Fragment de temps

Dans la routine Métro-Boulot-Dodo peuvent se cacher des perles rares insoupçonnées. Rendez-vous à la gare pour le train de 08:14.

C’était un matin d’hiver. Un de ceux dont on se souvient par les petites socquettes trop courtes que l’on ne s’est pas décidé à ranger au fond du placard, laissant l’air gelé s’infiltrer par les chevilles et mordre la chair des mollets. Le ciel bleu pâle s’ornait de nuages aux airs de plumes. Ces longues nuées blanches auraient pu être l’œuvre d’un ange jetant des litres de lait sur une toile immense. Le ciel était figé, glacé dans le froid de novembre. La vie s’était arrêtée dans un fragment de temps. 

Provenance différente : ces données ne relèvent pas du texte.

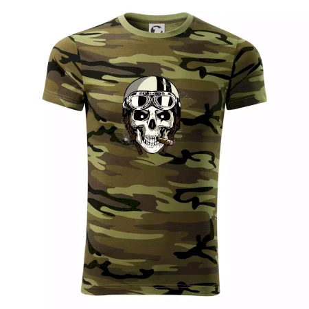 Tričko střední gramáže v barvách camouflage. Střih s bočními švy. Lem průkrčníku ze žebrového úpletu s přídavkem 5 % elastanu. Vnitřní část zadního průkrčníku začištěna páskou v barvě camouflage.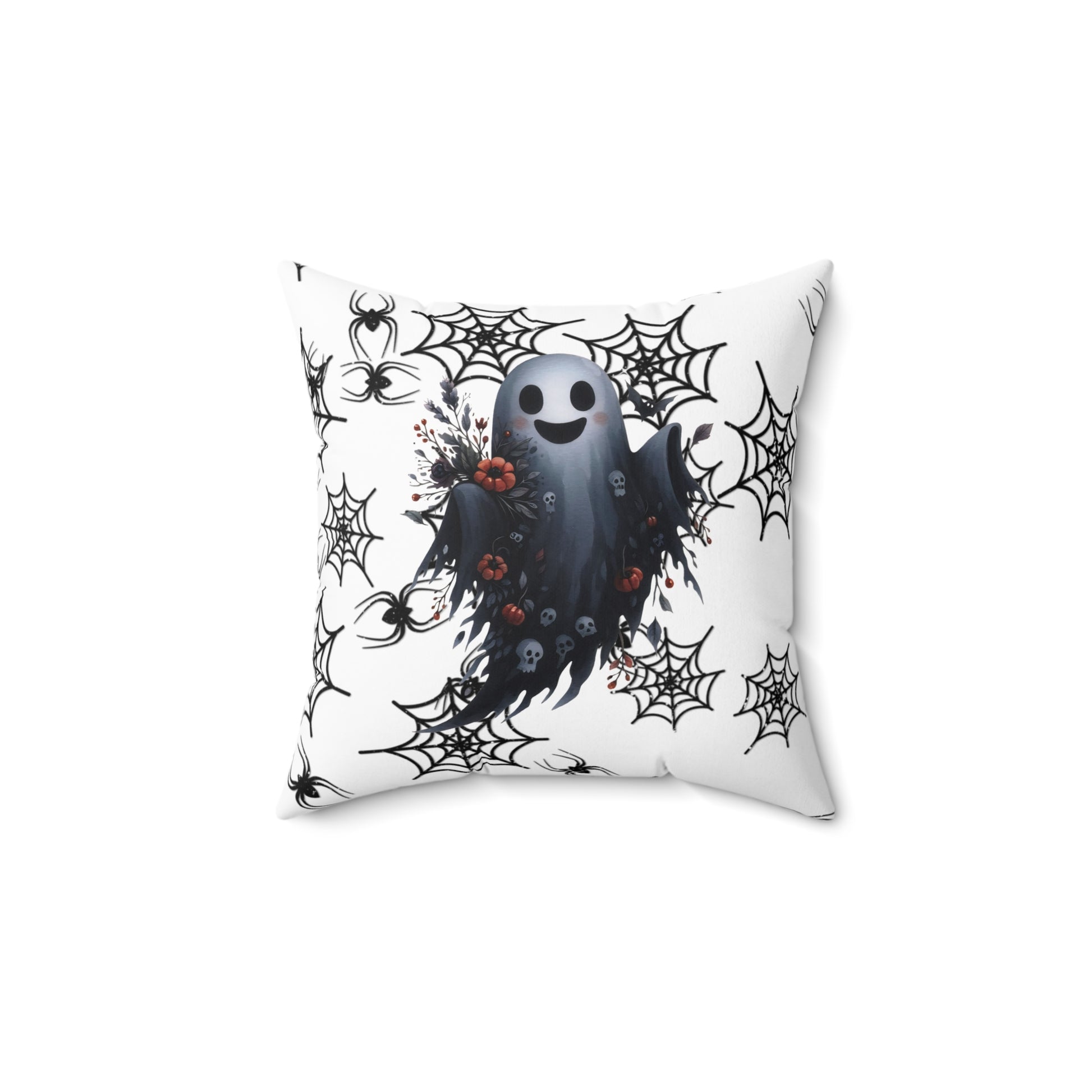Introducing a delightful and whimsical Spun Polyester Square Pillow that embodies the playful spirit of Halloween! Adorned with a cheerful ghost surrounded by intricate cobwebs, this pillow brings a fun and festive atmosphere to any space. Perfect for adding a touch of seasonal charm to your home, it effortlessly blends comfort with seasonal decor. Ideal for those who love to celebrate Halloween or decorate for fall, this pillow is a wonderful addition to your living room, bedroom, or even as a cozy touch for Halloween parties. It also makes for a delightful gift for friends and family who appreciate unique home accents that spread joy during the spooky season.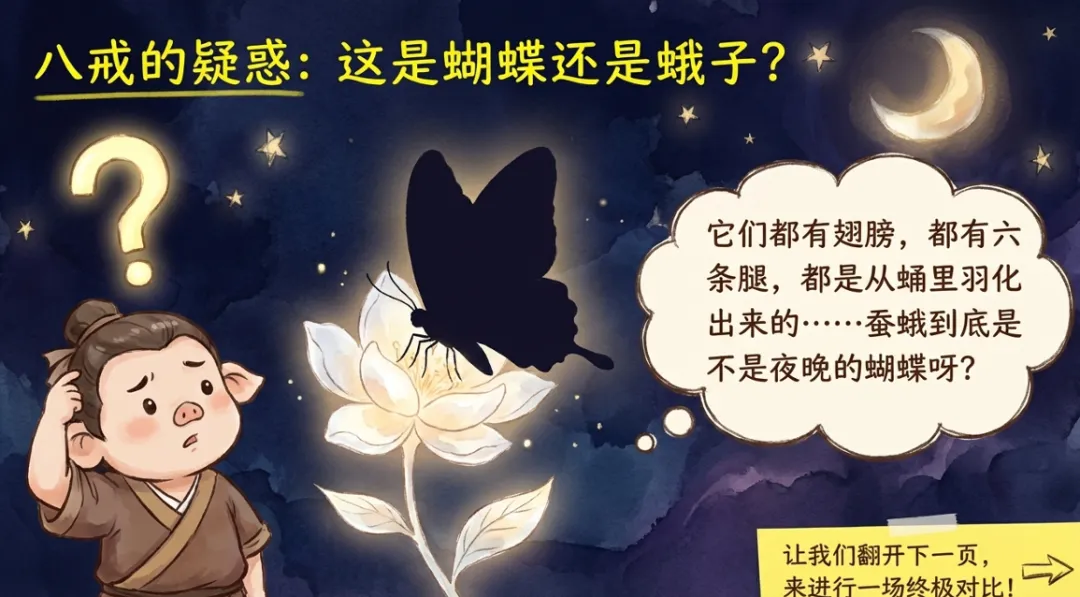 为帮助学生区分常见昆虫,课件设置蚕蛾与蝴蝶的对比。通过表格形式,比较两者在触角形态、翅膀大小与飞行能力、活动时间等方面的差异。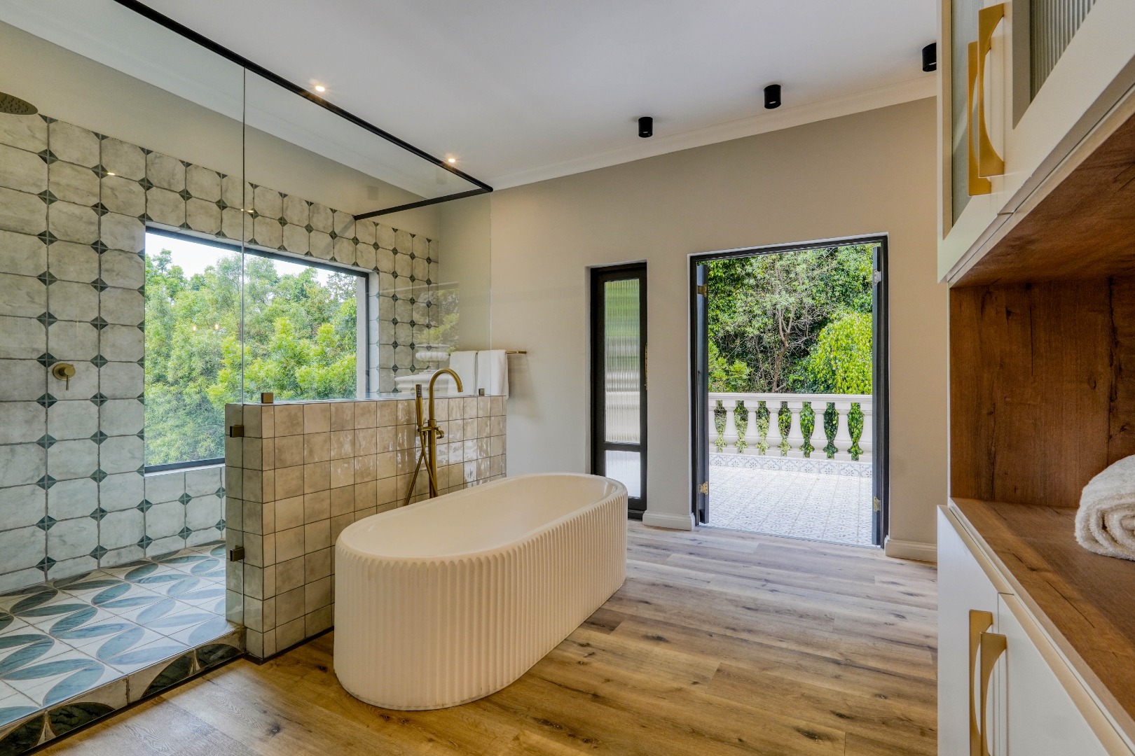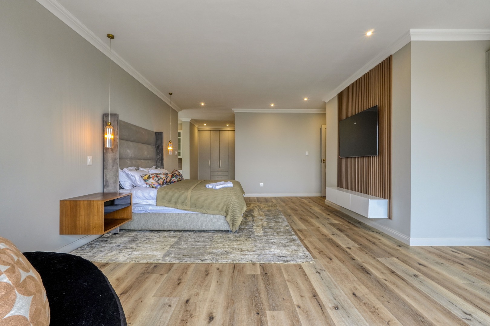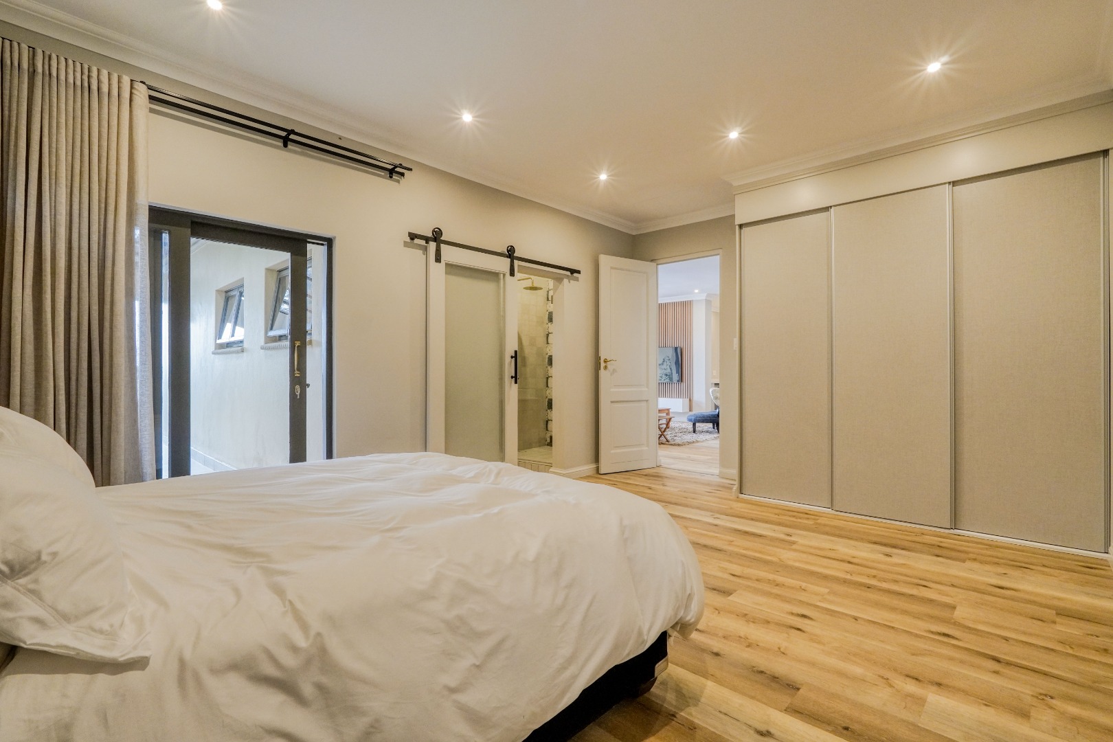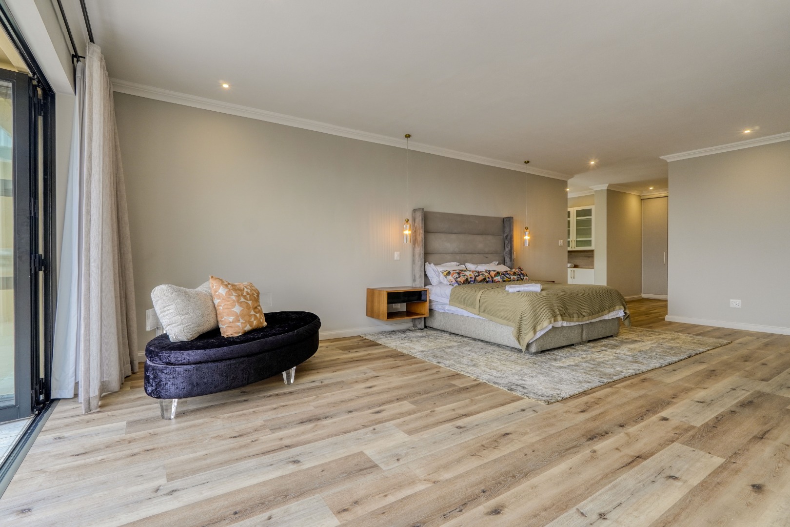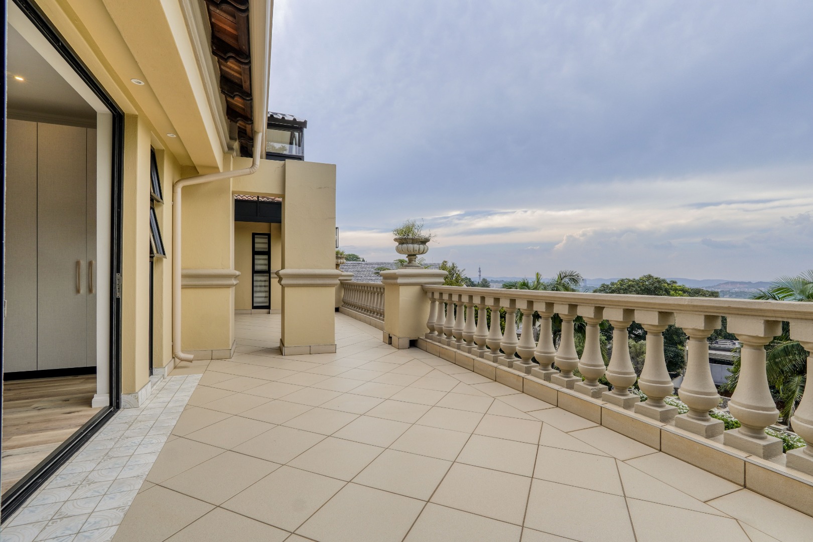 Upstairs, the home is dedicated to accommodation and quiet living. The master bedroom is a true retreat with a full en suite bathroom, a walk in closet, and its own private balcony. At the center of this floor, where the staircase arrives, is a comfortable pajama lounge with a kitchenette. This space shares a large scenic balcony with the master bedroom, offering both a communal viewing area and a more private extension for the main suite. The remaining bedrooms are all en suite, providing comfort and privacy for family and guests alike.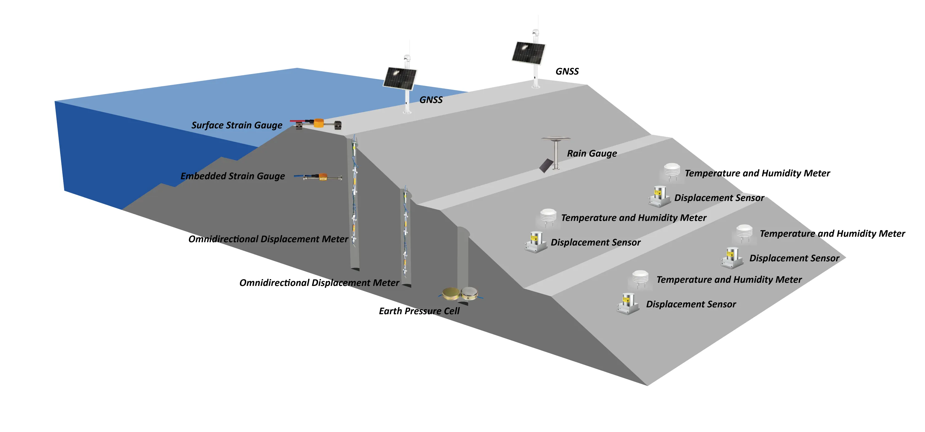 نظارت بر انحراف، پایش ترک، پایش محیطی، نظارت بر جابجایی عمیق، جابجایی سطح، نظارت بر نشست و غیره.

Les câbles électriques venaient s’entrecroiser devant ce tableau vivant. Une hirondelle s’est posée sur le troisième poteau électrique. Juste en-dessous lanternaient des manteaux noirs, plantés sur des pieds de béton. L’hirondelle pris son envol dans un bruissement d’ailes. Une paire de jambes montait les marches. Le martèlement de ses talons plats sur le sol humide brisait le silence qui régnait sur le quai. Le panneau rouillé indiquait voie 2B. Les quelques personnes qui attendaient là, assises sur les sièges métalliques provocant pneumonies immédiates, ne bougeaient pas. Personne ne parlait. Même le soleil ne suffisait pas à réchauffer les corps meurtris par le froid. Une odeur de pneu brûlé montait du fond de la gare. Les haut-parleurs se mirent à grésiller et une jeune femme annonça l’arrivée d’un train : « Veuillez vous éloigner de la bordure du quai » répéta-t-elle à trois reprises. Le train arrivait. Le bruit devenait de plus en plus fort. Les freins crissèrent à en faire saigner une oreille. Le train s’arrêta. Les passagers montèrent dans les wagons rayés verts et bleus. Le train repartit. Le calme revint et l’hirondelle se posa sur le troisième poteau électrique.